■ What needs to be done ■
Your task is to restate word for word the lines in the material below, from the one with "目前,辽宁国补已上线京东,想" up to and including the one with "What we need". Do not carry over the pictures.

■ Entries provided ■

-----

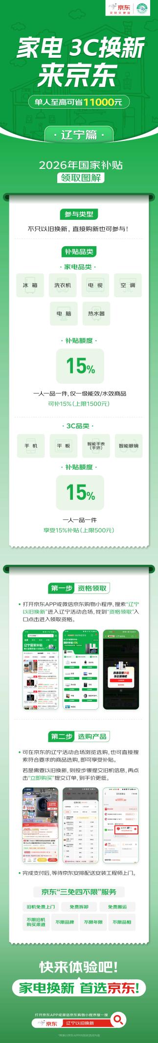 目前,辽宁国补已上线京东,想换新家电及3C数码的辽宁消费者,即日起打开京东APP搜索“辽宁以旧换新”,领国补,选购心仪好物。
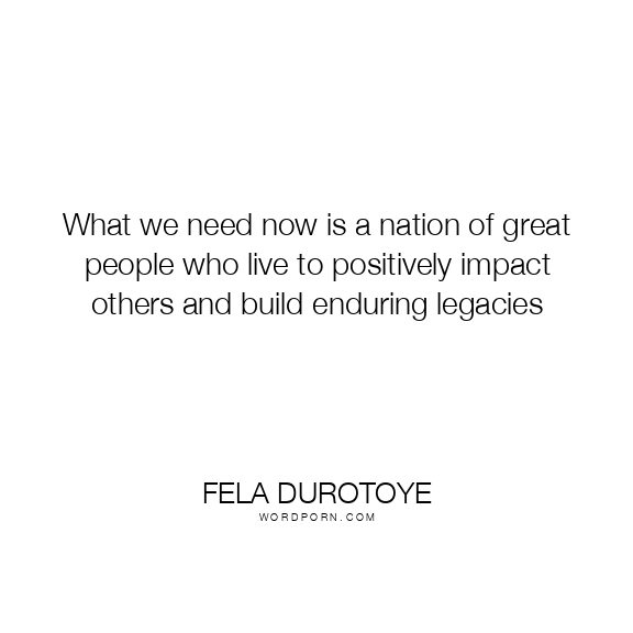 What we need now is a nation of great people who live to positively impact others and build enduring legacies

-----

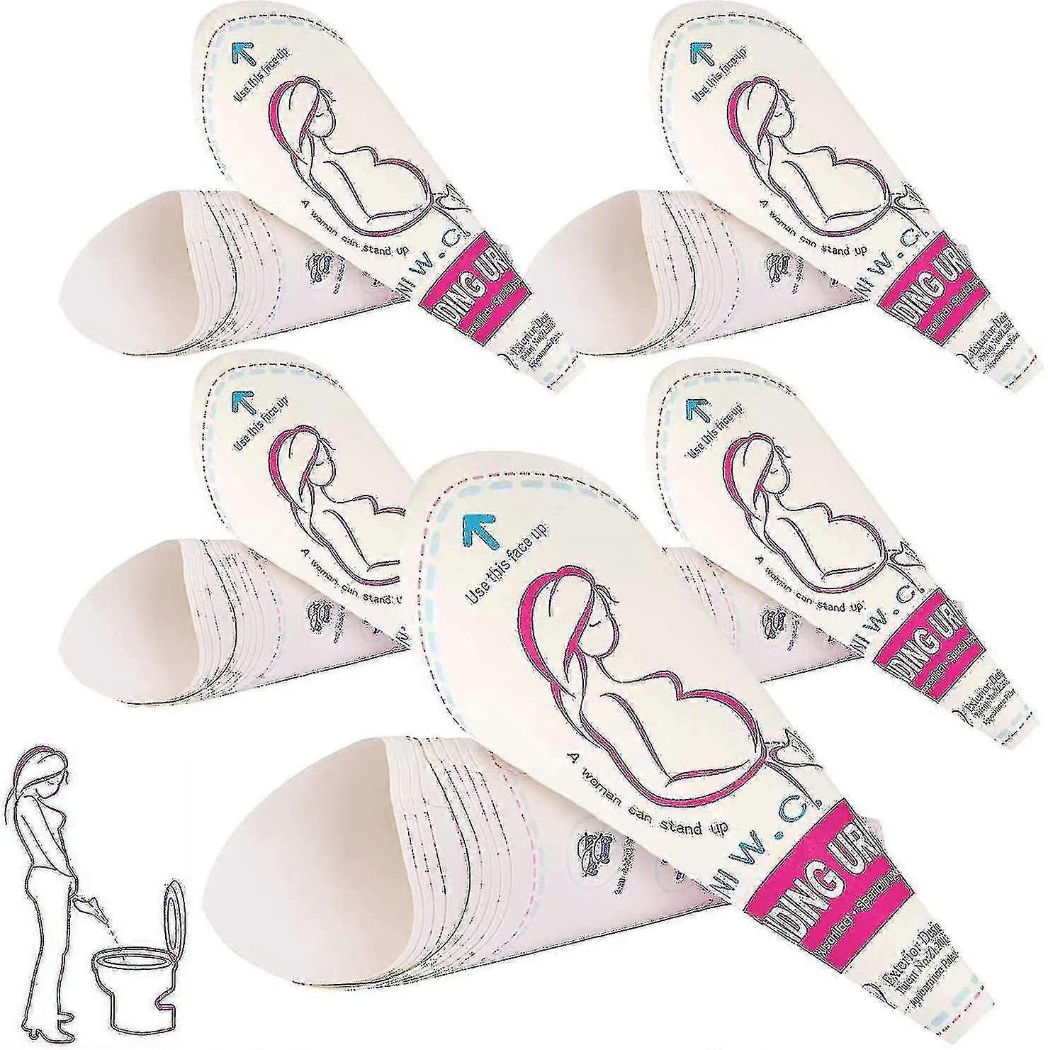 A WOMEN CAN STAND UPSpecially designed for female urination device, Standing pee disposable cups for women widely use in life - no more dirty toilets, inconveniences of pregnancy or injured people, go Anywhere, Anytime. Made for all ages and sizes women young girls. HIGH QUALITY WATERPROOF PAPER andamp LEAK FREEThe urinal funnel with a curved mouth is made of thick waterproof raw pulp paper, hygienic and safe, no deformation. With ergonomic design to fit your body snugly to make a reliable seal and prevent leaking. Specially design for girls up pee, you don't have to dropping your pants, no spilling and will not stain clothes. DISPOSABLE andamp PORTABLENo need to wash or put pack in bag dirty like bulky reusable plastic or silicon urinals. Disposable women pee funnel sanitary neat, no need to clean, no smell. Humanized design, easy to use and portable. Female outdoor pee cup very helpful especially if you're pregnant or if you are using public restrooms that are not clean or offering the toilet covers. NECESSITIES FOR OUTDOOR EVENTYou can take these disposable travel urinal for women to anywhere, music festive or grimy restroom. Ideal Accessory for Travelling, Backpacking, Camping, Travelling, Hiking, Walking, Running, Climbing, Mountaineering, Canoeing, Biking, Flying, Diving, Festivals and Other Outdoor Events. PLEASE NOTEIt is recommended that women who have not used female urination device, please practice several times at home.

-----

■ Exercise answer ■
 目前,辽宁国补已上线京东,想换新家电及3C数码的辽宁消费者,即日起打开京东APP搜索“辽宁以旧换新”,领国补,选购心仪好物。
 What we need now is a nation of great people who live to positively impact others and build enduring legacies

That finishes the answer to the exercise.